清晨的雾气还没散干净,院门口的台阶上湿漉漉的。云知味蹲在灶台前添柴,听见脚步声抬起头,看见扫地僧站在院门口,手里捏着一封信。
信封是素白的,没有火漆印,也没有落款。扫地僧走进来,把信放在灶台边上,说:“给你的。”
云知味拍了拍手上的灰,接过信拆开。信纸上只有一行字,字迹歪歪扭扭,跟他自己写的“拒绝。我要加蛋的”有七八分像。
“辞职理由:想给年轻人煮面。”
云知味盯着那行字看了很久。灶膛里的火噼啪响了一声,他抬起头,看着扫地僧:“你这理由比我的还离谱。”
扫地僧笑了笑,没有解释。他弯下腰,从腰间解下一块木牌,放在灶台上。木牌正面刻着“运营中心·GM-无名”,背面刻着一串编号。他拍了拍木牌,说:“这个,以后用不上了。”
云知味低头看了一眼那块木牌,没有伸手去碰。他问:“你走了,系统那边怎么办?”
“系统不缺一个扫地的。”
“你本来也不是扫地的。”
扫地僧没有接话。他蹲下来,从袖子里摸出一根烟袋,点上抽了一口。烟雾升起来,模糊了他的脸。他蹲在灶台前,跟云知味并排蹲着,像两个在田埂上歇脚的老农。
沉默了一会儿,扫地僧说:“我走之前,跟你说个事。
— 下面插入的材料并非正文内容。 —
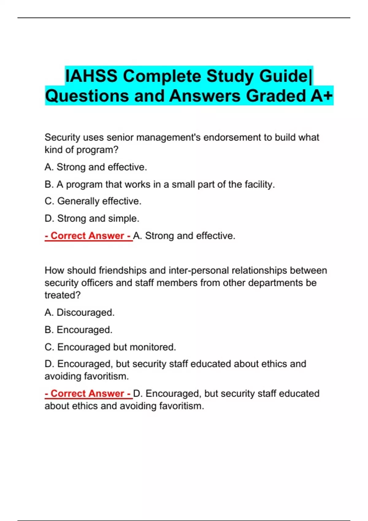 BUNDLE for IAHSS Advanced Exam Study Guide Latest 2024 | Download to Score A+ | IAHSS Basic Officer Certification Exam Questions and Answers 2024
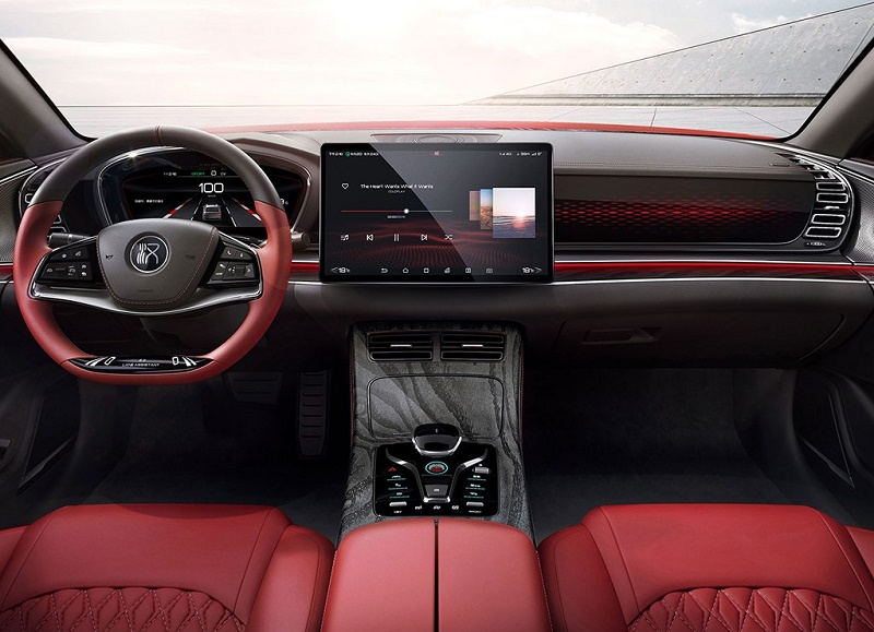 内饰方面,采用了黑红撞色,并采用了对称式设计,配备大尺寸悬浮式中控屏,内饰科技气息浓厚。动力方面,比亚迪DM版搭载2.0T混动系统,NEDC纯电续航里程为81公里。比亚迪汉EV提供单电机和双电机两种车型,续航方面,提供506公里、550公里、605公里三种续航。
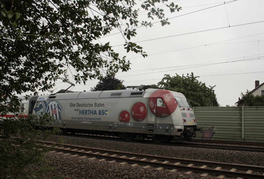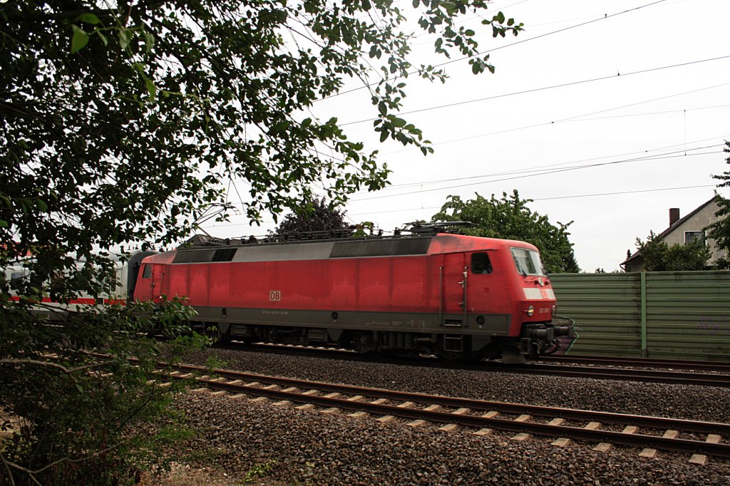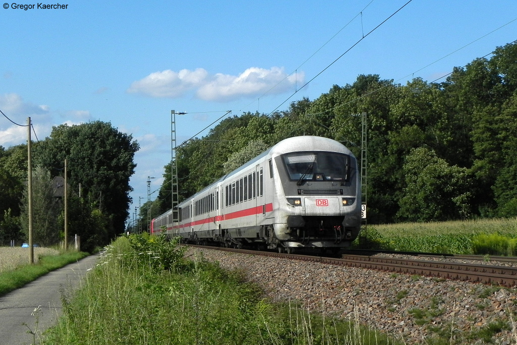 101 029-7 mit dem IC 2360 (Stuttgart-Bruchsal-Karlsruhe) zwischen Weingarten und Karlsruhe-Durlach. Aufgenommen am 14.07.2011. Es war wohl eine Ersatzgarnitur, die an diesem Tag zum Einsatz kam, denn die Reihung des Zuges ist etwas ungewöhnlich: 101, 7x Apmz (1. Klasse-Großraumwagen), Bpmbdzf (IC-Steuerwagen).
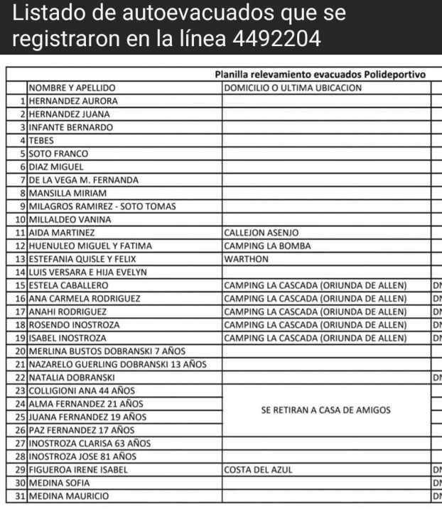A través de redes sociales y grupos vecinales se conocieron los primeros listados de los evacuados en El Bolsón. Por su parte, los refugios (Casa de Campo, Retamal y Hielo Azul) de Anprale también comunicaron los huéspedes que continúan en la montaña.

”
“说。”
“铜钱背面,敲三下。”
云知味摸出铜钱,翻过来,背面干干净净。他屈起指节,在铜钱背面敲了三下。
“然后呢?”
“输入‘面汤要热’。”
云知味愣了一下:“怎么输入?”
“对着铜钱说。”
云知味低头看着铜钱,沉默了一会儿,说:“面汤要热。”
铜钱没有反应。他等了几息,铜钱还是凉的,背面干干净净。他抬头看扫地僧,扫地僧蹲在灶台前,烟袋里的烟灰落了一截。
“没反应。”
“等。”
云知味又等了一会儿。灶膛里的火苗跳了一下,铜钱忽然微微发烫,烫得他手心一麻。他低头看去,铜钱背面浮现出一行行细小的字,密密麻麻,像流水一样往上滚动。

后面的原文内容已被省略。